The sources of the sqlparse module are currently hosted on but may move to Google Code anytime soon. Refer to the project page on Google Code for downloads and how to access the sources.

In addition there’s a simple AppEngine application that exposes the formatting features as an online service.

SQL Parsing with Python, Pt. I

March 29, 2009

Some time ago I was in search for some kind of SQL parser module for Python. As you can guess, my search wasn’t really successfull. pyparsing needs a grammar, but I’m not really interested in writing a full-blown grammar for SQL with it’s various dialects. AFAICT Gadfly implements a customized SQL parser, but I was not able to figure out how to use it. And there’s sqlliterals, but as the name suggests it’s just for identifying literals within statements.

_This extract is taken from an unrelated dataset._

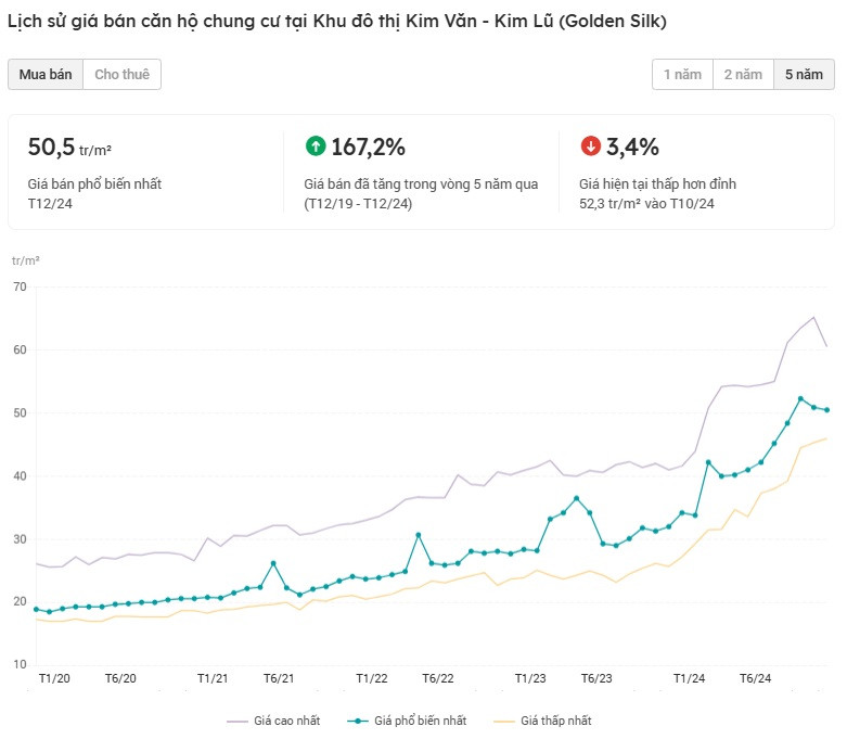 Dù các sự cố liên tiếp xảy ra, làm ảnh hưởng không nhỏ tới cuộc sống sinh hoạt hàng ngày, nhưng theo khảo sát, giá rao bán căn hộ tại Khu đô thị Kim Văn – Kim Lũ vẫn đạt mức cao đáng ngạc nhiên, lên đến 50,5 triệu đồng/m2. Mức giá này đã có sự điều chỉnh giảm nhẹ 3,4% so với đỉnh điểm 52,3 triệu đồng/m2 vào tháng 10/2024, nhưng vẫn cao hơn đáng kể so với các giai đoạn trước đó. Cụ thể, vào tháng 1/2020, giá trung bình tại đây chỉ khoảng 18,5 triệu đồng/m2, cho thấy mức tăng gần 3 lần trong vòng 5 năm.

I expect such a module to do the following:

  • It should be fast ;-)
  • scalable – what the parser needs to know about a string containing SQL statements depends on what I want to do with it. If I just want to split that string in separate statements I don’t need to know as much as when I want to know what identifiers occur in it.
  • non-validating –  Parsing shouldn’t fail if the statement is syntactically incorrect as I want to use it for an SQL editor where the statements are (naturally) incorrect most of the time.
  • some beautifying is a nice-to-have – We all know SQL generated by a script and copied from a logging output to a database front-end – it always looks ugly and is pretty unreadable.

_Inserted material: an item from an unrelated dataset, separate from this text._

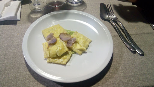 Read moreStrana esperienza! Ho pranzato qui con dei colleghi, suggerito da qualcuno che conosceva il locale: "Si mangia bene...". Si mangia poco!! Veramente poco. Per la prima volta ho visto le monete di parmigiana, sottili e di piccolo diametro. Ho visto la cameriera portarne quattro, e già pensavo che fossero poco, poi ho capito che ce ne era una a testa... poi il prosciutto, una fetta a testa... poi le frittelle (piccole anche loro)... una a testa. Attendevo con ansia i due primi. Arriva il primo piatto, con 5 maccheroni (di numero, proprio 5, né uno di più ne uno di meno), poi il secondo primo (in foto), ancora 5 maccheroni, stavolta un po'più grandi e ripieni, ma sempre 5... Più il secondo... piccolo !!!! Poi il dolce (strudel di mele) sottile come un dito, così sottile che io mi sono chiesto come hanno fatto a tagliarlo senza rompere la fetta. Frutta pochissima. Vino, almeno quello , buono e in quantità. Le pietanze erano buone, ma la quantità inadeguata. Un primo con 5 maccheroni non è un primo, tutto razionato come in guerra. Poco per una Taverna... Con un rapporto quantità-prezzo così basso, la qualità e la comodità della sistemazione dovrebbero forse essere...

The only thing I’ve found that comes close to my needs is Pygments (yes, the syntax highlighter). It does a really good job highlighting SQL, so it “understands” at least something. To be concrete, it has a rock-solid and fast lexer. There’s a FAQ entry if it’s possible to use Pygments for progamming language processing. The answer is:

The Pygments lexing machinery is quite powerful can be used to build lexers for basically all languages. However, parsing them is not possible, though some lexers go some steps in this direction in order to e.g. highlight function names differently.

Also, error reporting is not the scope of Pygments. It focuses on correctly highlighting syntactically valid documents, not finding and compensating errors.

There’s a nice distinction between lexers and parser in this answer. The former does lexical and the latter syntactical analysis of a given stream of characters. For my needs this led to a two step process: first to do the lexing using Pygments mechanism (BTW, read “focuses on […] syntactically valid documents, not finding […] errors” as “non-validating”) and then to add parsing on top of the token stream.

So I stripped the lexing mechanism for SQL out of Pygments to get rid of some overhead not needed for my purposes (e.g. loading of extensions). The only changes to the Pygments tokenizer was to replace a huge regex for finding keywords by a dictionary-based lookup and to add a few new tokens to make live easier in the second processing stage. The achieved performance improvement by replacing the regex doesn’t play a significant role for Pygments, it just speeds up the lexing a bit.

In the second step the very efficient token-type/value stream generated in step 1 is grouped together in nested lists of simple classes. Instantiating a bunch of classes results in a performance loss, but with the benefit of some helpful methods for analyzing the now classified tokens. As the classes are pretty simple most of the performance loss was recaptured by using slots.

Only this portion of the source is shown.